50% believe broadband is a human right
50% of people think that broadband is a human right, a survey has shown.
The results of a poll on Cable.co.uk revealed that 50.48% agreed that it was a human right while 45.19% replied that it was not. The remaining 4.33% were unsure.
The poll, which asked the question “Do you think broadband is a human right?” had 208 respondents. It was launched as the Department for Culture, Media and Sport announced plans for free public wi-fi in 1,000 public buildings across the UK as part of the Super-Connected Cities scheme.
The results show that fewer members of the public believe that broadband access is a right when compared to telecoms industry figures.
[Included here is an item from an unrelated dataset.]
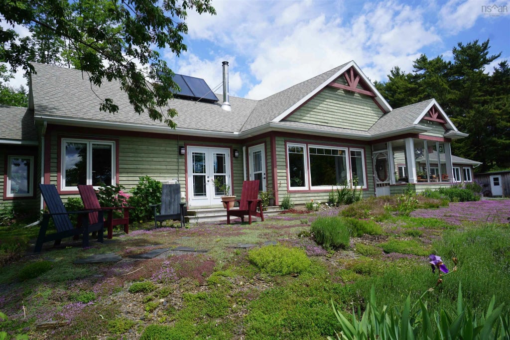 MIDDLE LAHAVE OASIS. Elevated sunset views over the Lahave River. Over 5 acres of serene privacy and nature, a 10 year new ICF 3 bedroom, 1 1/2 bath 1,700 sq. ft home on slab, plus an 890 sq. ft. separate, matching four season guest house. Beautiful gardens, total privacy, pond, two garden sheds, and centrally located between Bridgewater and Lunenburg. Main house features one level living, energy efficient construction, views of the river without compromising privacy, attached solarium/greenhouse, open concept principal rooms, and engineered hardwood floors. The guest house is ideal for rental income or to be used as an in-law home. A nature lover’s paradise.

A similar survey conducted in October by the Broadband 100 group found that nearly three quarters of industry professionals felt that broadband access is a basic human right.
Finland became the first country in the world to make access to broadband a legal right, stating in 2010 that every citizen would have access to a 1Mbps broadband connection. The Finish government has since stated that the minimum speed for citizens in the country will rise to 100Mbps from 2015.
A subsequent paper presented to the United Nations General Assembly entitled the “Report of the Special Rapporteur on the promotion and protection of the right to freedom of opinion and expression, Frank La Rue” also made reference to the importance of open access to the internet.
The 2011 report said: “Given that the Internet has become an indispensable tool for realizing a range of human rights, combating inequality, and accelerating development and human progress, ensuring universal access to the Internet should be a priority for all States.”
However, several notable figures have spoken out about how broadband access, although important, should not be classified in the same way as existing human rights.
Internet entrepreneur Vinton Grey Cerf, often referred to as the “father of the Internet”, told the New York Times that, “technology is an enabler of rights, not a right itself. There is a high bar for something to be considered a human right.
“Loosely put, it must be among the things we as humans need in order to lead healthy, meaningful lives, like freedom from torture or freedom of conscience. It is a mistake to place any particular technology in this exalted category.”
Supporting that point of view, Brian Schepis, a colleague of Mr Cerf at Google, wrote in the Journal of Politics and Law that, “there is a tendency for human rights inflation. In short, qualifying too many things as human rights contributes to a lack of force in human right claims.”
The United Nations Declaration of Human Rights, which was first proclaimed by the United Nations General Assembly in Paris on 10 December 1948, sets out “fundamental human rights to be universally protected”.